Making a Mouse that Exhibits Human Telomere Dynamics – Fight Aging!
Telomerase acts to extend telomeres, the repeated DNA sequences at the ends of chromosomes. With every cell division, some of the telomere repeats are lost. Cells with critically short telomeres become senescent or undergo programmed cell death, having reached the Hayflick limit on replication. Some cells employ telomerase to adjust the countdown of telomere length. In humans, only stem cells use telomerase. In other species, such as mice, telomerase is much more widely expressed. There has been some interest in the research community in upregulation of telomerase as a way to improve stem cell and tissue function in old age.
One of the points of risk in bringing telomerase gene therapies to the clinic is that while the results to date in mice have been impressive, gene therapies producing extended life, improved function, reduced cancer incidence, mice have very different telomere dynamics from humans. Will the risk of extending the functional life of damaged, potentially cancerous somatic cells be offset by improved immune function in humans as it seems to be in mice? While some number of people have undergone telomerase gene therapy, largely via medical tourism, results for most of those patients will never be published, and long-term data on cancer risk will in any case take years to emerge.
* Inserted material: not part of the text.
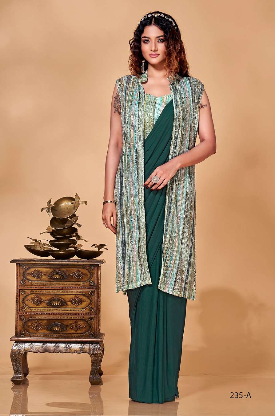 pr a233-a236 designs ready to wear fancy saree with designer blouse and sequin printed jacket

In today’s open access paper, researchers report on the development of a mouse lineage with a humanized telomerase gene and more human-like telomere dynamics. This will be a useful tool in the continued development of telomerase gene therapies. If telomerase gene therapy in this lineage turns out to produce much the same benefits as it does in wild type mice, with particular attention to cancer incidence, then one could be more convinced that risks in human patients are lower.
Humanization of the mouse telomerase gene reset telomeres to human length
Telomeres undergo shortening with each cell division, serving as biomarkers of human aging, which is characterized by short telomeres and restricted telomerase expression in adult tissues. Contrarily, mice, featuring their longer telomeres and widespread telomerase activity, present limitations as models for understanding telomere-related human biology and diseases. To bridge this gap, we engineered a mouse strain with a humanized mTert gene, hmTert, wherein specific non-coding sequences were replaced with their human counterparts. The hmTert gene, encoding the wildtype mTert protein, was repressed in adult tissues beyond the gonads and thymus, closely resembling the regulatory pattern of the human TERT gene.
Remarkably, the hmTert gene rescued telomere dysfunction in late generations of mTert-knockout mice. Through successive intercrosses of Tert(h/-) mice, telomere length progressively declined, stabilizing below 10-kb. Tert(h/h) mice achieved a human-like average telomere length of 10-12 kb, contrasting with the 50-kb length in wildtype C57BL/6J mice. Despite shortened telomeres, Tert(h/h) mice maintained normal body weight and cell homeostasis in highly proliferative tissues. Notably, colonocyte proliferation decreased significantly in Terth/h mice during dextran sodium sulfate-induced ulcerative colitis-like pathology, suggesting limitations on cellular renewal due to short telomeres.
Our findings underscore the genetic determination of telomere homeostasis in mice by the Tert gene. These mice, exhibiting humanized telomere homeostasis, serve as a valuable model for exploring fundamental questions related to human aging and cancer.